If, however, such quorum shall not be present or represented at any meeting
of the stockholders, the stockholders entitled to vote thereat, present in
person or represented by proxy, shall have the power to adjourn the meeting
from time to time, without notice other than announcement at the meeting,
until a quorum shall be present or represented, provided, however, that if
the adjournment is for more than thirty days, or if after the adjournment a
new record date is fixed for the adjourned meeting, a notice of the adjourned
meeting shall be given to each stockholder of record entitled to vote at the
meeting. At such adjourned meeting at which a quorum shall be present or
represented, any business may be transacted which might have been transacted
at the meeting as originally notified.

         SECTION 7. VOTING. When a quorum is present at any meeting, the vote
of the holders of a majority of the shares which have voting power present in
person or represented by proxy at such meeting and which have actually voted
shall decide any questions brought before such meeting, unless the question
is one upon which, by express provision of the Act or of the Certificate of
Incorporation or of these Bylaws (including, but not limited to, Article III
of these Bylaws), a different vote is required, in which case such express
provision shall govern and control the decision of such question. The
stockholders present in person or represented by proxy at a duly organized
meeting may continue to transact business until adjournment, notwithstanding
the withdrawal of enough stockholders to leave less than a quorum.

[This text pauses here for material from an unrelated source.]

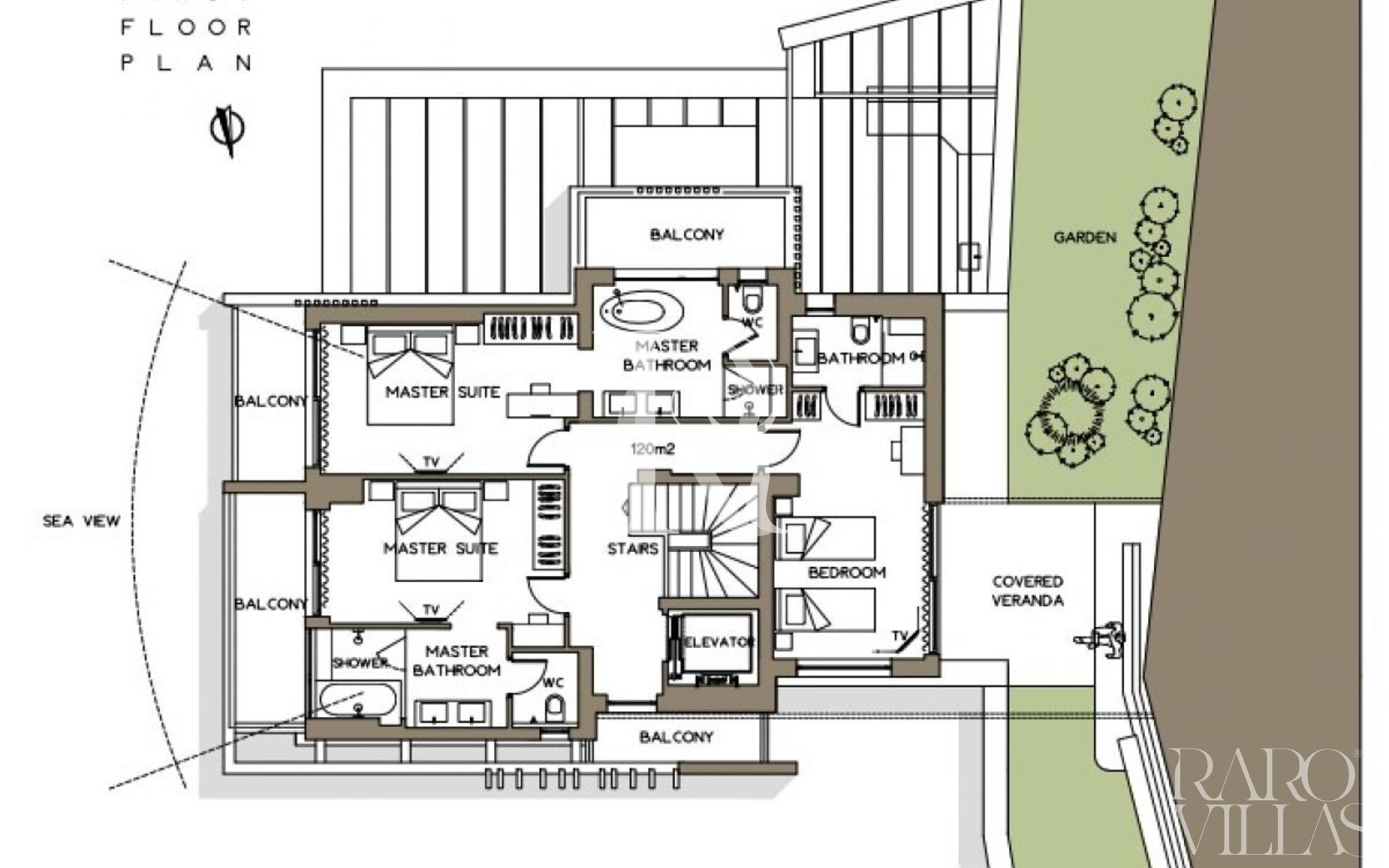 The first floor features 2 Master Bedrooms and 1 Standard Bedroom with large veranda, garden and space for a children playground.
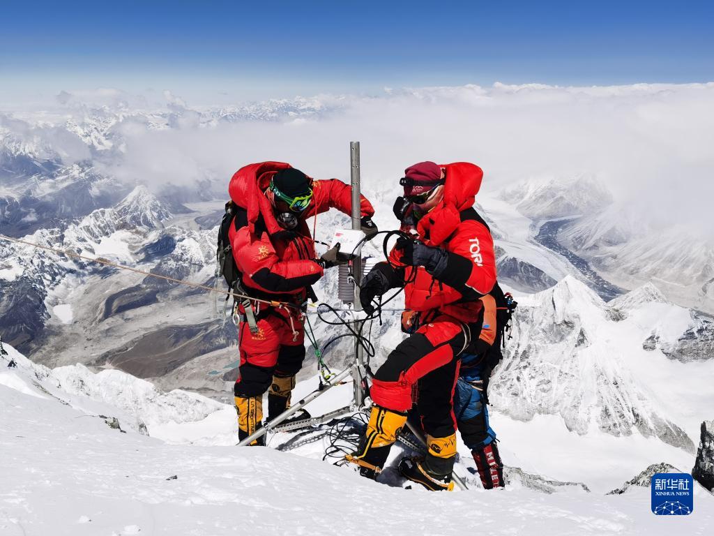 5月4日,德慶歐珠帶領(lǐng)的登頂小組科考隊員,在珠峰海拔8830米處架設(shè)世界海拔最高自動氣象站,建成珠峰梯度氣象觀測體系;在峰頂首次利用高精度雷達(dá)測量冰雪厚度,并采集了峰頂冰雪樣品。

         SECTION 8. PROXY. Each outstanding share, regardless of class, shall
be entitled to one vote on each matter submitted to a vote at a meeting of
stockholders, except to the extent that the voting rights of the shares of
any class or classes are limited or denied by the Certificate of
Incorporation. At any meeting of the stockholders, every stockholder having
the right to vote shall be entitled to vote in person or by proxy appointed
by an instrument in writing subscribed by such stockholder, or by his duly
authorized attorney in fact, and bearing a date not more than three years
prior to said meeting, unless said instrument provides for a longer period.
Such proxy shall be filed with the Secretary of the corporation prior to or
at the time of the meeting. A duly elected proxy shall be irrevocable and if,
and only as long as, it is coupled with an interest sufficient in law to
support an irrevocable power. A proxy may be made irrevocable regardless of
whether the interest with which it is coupled is an interest in the stock
itself or an interest in the corporation generally.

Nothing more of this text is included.